This is 64

Written by Joseph Connelly
Review by Douglas Kemp

Joseph Connolly has written a typically anarchic and entertaining novel of one George Reilly, who is aged just 19 in 1964 and living in a crummy bedsit in Kilburn with a much put-upon girlfriend, Dorothy. London has started to swing and unlike Philip Larkin, it is not too late for him —it is only just starting. The story is mostly told through stream-of-consciousness as the various characters reflect upon their (generally unsatisfactory) lot in life. The action moves between 1964 and 2009, when Reilly is aged 64, and he looks back upon his gilded youth. He has just retired wealthy and successful from his business, and is trenchantly un-PC and cynical and controlling towards life and his family, and seems to have a rather selective view of his own past. The George Reilly of 1964 is a selfish, unpleasant young man, obsessed with The Beatles, who bullies and treats Dorothy with awful disdain.

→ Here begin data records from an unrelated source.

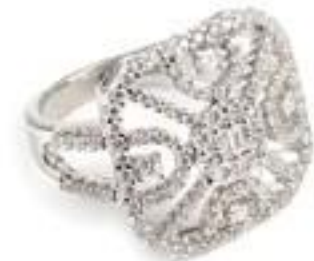
G-SRR4202-30 124RBC = 1.06ct 2TBGT = 0.05ct 4PR = 0.12ct
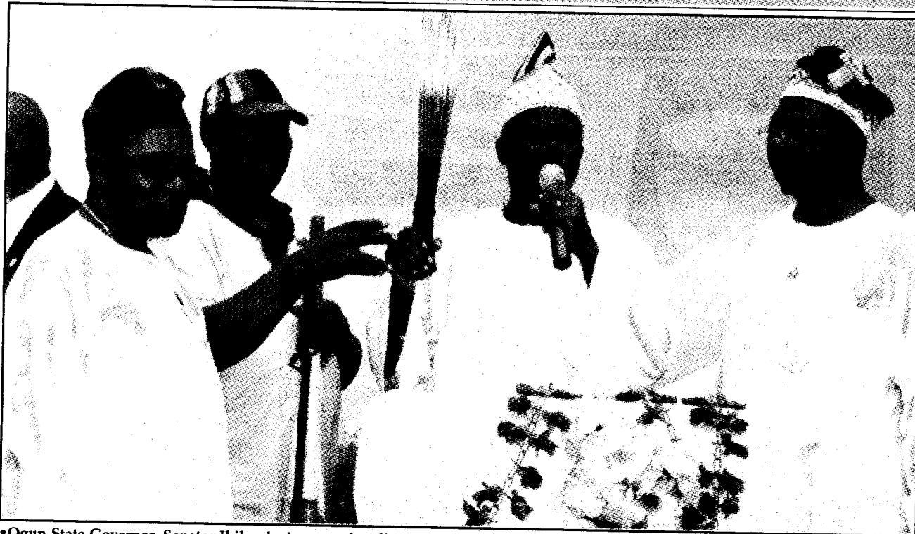
• Ogun State Governor, Senator Ibikunle Amosun, handing over the party symbol to ACN chairmanship candidate in Ijebu Northeast Local Government, Hon. Femi Odunfowokan, at the party's campaign rally in Atan... yesterday. Story on Page 56
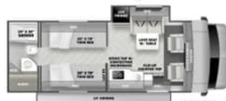
TS2370 (Ford EcoBoost 3.5L gas engine)
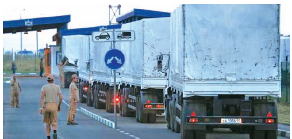
A Russian convoy carrying humanitarian aid for Ukraine enters border crossing point Donetsk for customs control, in Russia's Rostov Region, on 20 Aug, 2014.
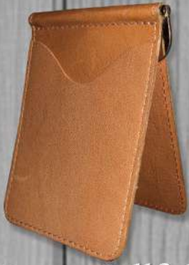
Money Billfold #90155 (4" x 2.75")
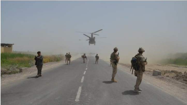
A Canadian CH-147 Chinook helicopter takes off outside a combat outpost in Panjwaii, Afghanistan in June 2011.
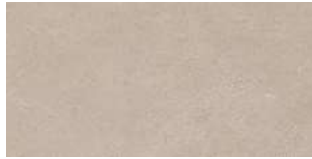
WAVE WALL TORTORA
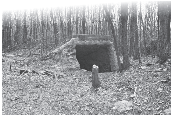
Abandoned Slope Mine Opening

Abandoned horizontal mine openings leading into underground tunnels may seem safe and sturdy to the untrained person, but are prone to cave in. They contain many hazards such as rotten roof support beams, deadly odorless gases, poisonous snakes, vertical shafts in the tunnel floors, and flooded sections. Darkness and sharp objects hanging from the roof add to these underground mine hazards.
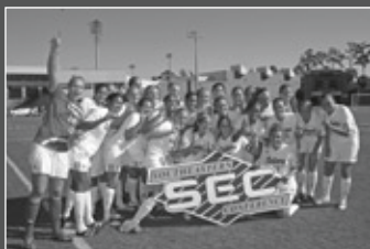
Florida soccer collected its eighth SEC title, also winning its eighth SEC Tournament championships and advancing to the NCAA Round of 16.
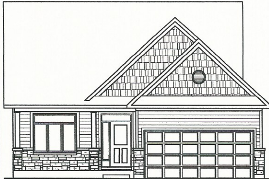
Front Elevation 'A'

Schedule 'C' Property known as: Lot 99 Dated: _____
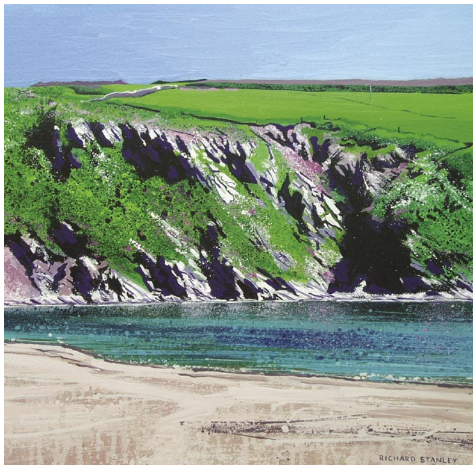
21. BANTHAM CLIFFS oil on paper 47cm x 47cm
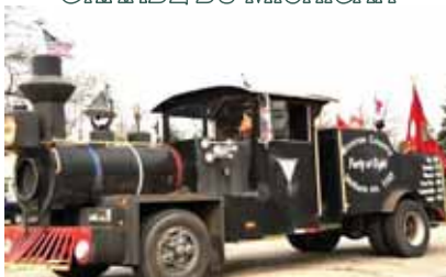
Voiture # 1153 of Monroe County participating in the Veterans Day Parade in Luna Pier, Michigan.
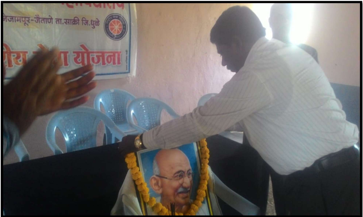
Pratima Pujan of Mahatma Gandhi on Ahinsa Din
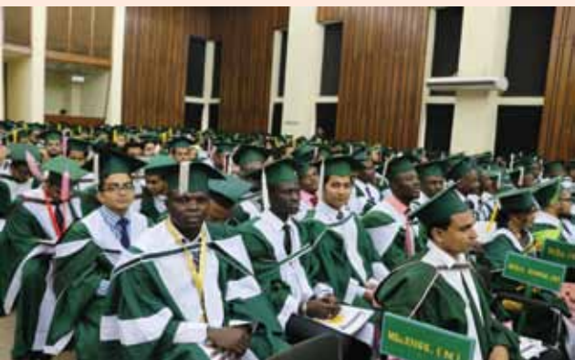
A section of Graduating Students of the 31 st convocation of IUT
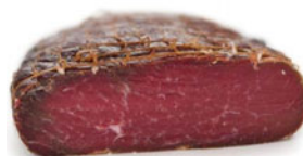
BS 63089 SVINJSKA PRSUTA (LB) UPC -
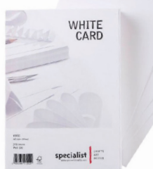
PB403 White Card
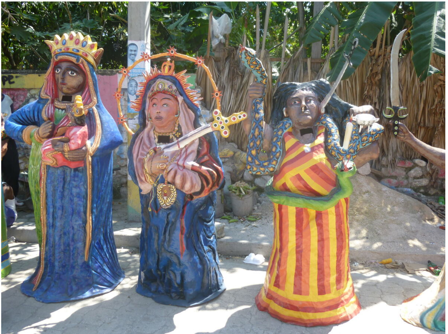
Carnival in Jacmel, Haiti, 2011

I studied psychology as my first degree. After graduation I feared I did not have the strength to face people with mental health disorders and I therefore specialised in public health. During three years living in developing countries I encountered many people with mental health disorders. In Haiti a naked woman ran around in the market and a man got drunk on a regular basis in front of our compound. In Myanmar we employed a doctor not realising that he was suffering from severe alcoholism. He failed to make it to the duty station because he got totally drunk on the way and did not stop drinking for four entire days. From one day to the next a young woman had to take care of her entire family because her mother was arrested for having drugs in her house – drugs someone else had left there. Working with these communities, I looked into many sad and depressed eyes.
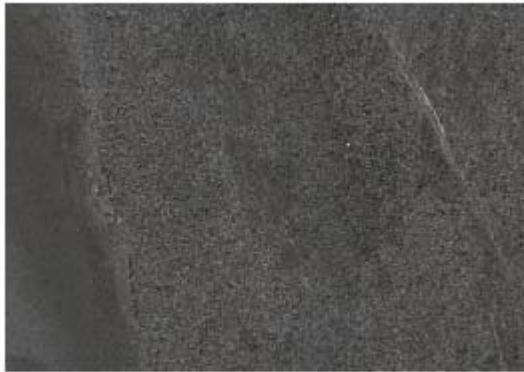
HER04 Natural Finish

Colour Sample from Shackerley Catalogue (Detail)
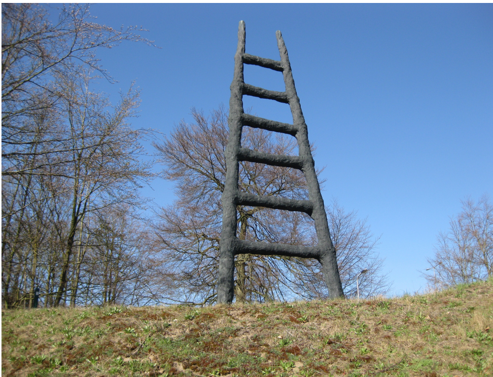
Figure 1: The ladder, symbol for comfort and escape.
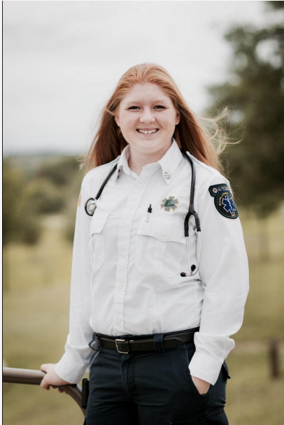
Westlake High School '16

The 1960s are immersed in superb historical detail, and the milieu of the times, with people, their conversations and culture, seems just about spot on; those splendid times of youthful hedonism are brought to life once more. The narrative technique is well executed, though in a long novel it can occasionally drag as we go through and around in great detail the minutiae of the characters’ desires, frustrations and angst with the world. There is a surprise ending, but one which the alert reader may see flagged well in advance, and there are lots of references to Beatles songs and lyrics hidden in the text.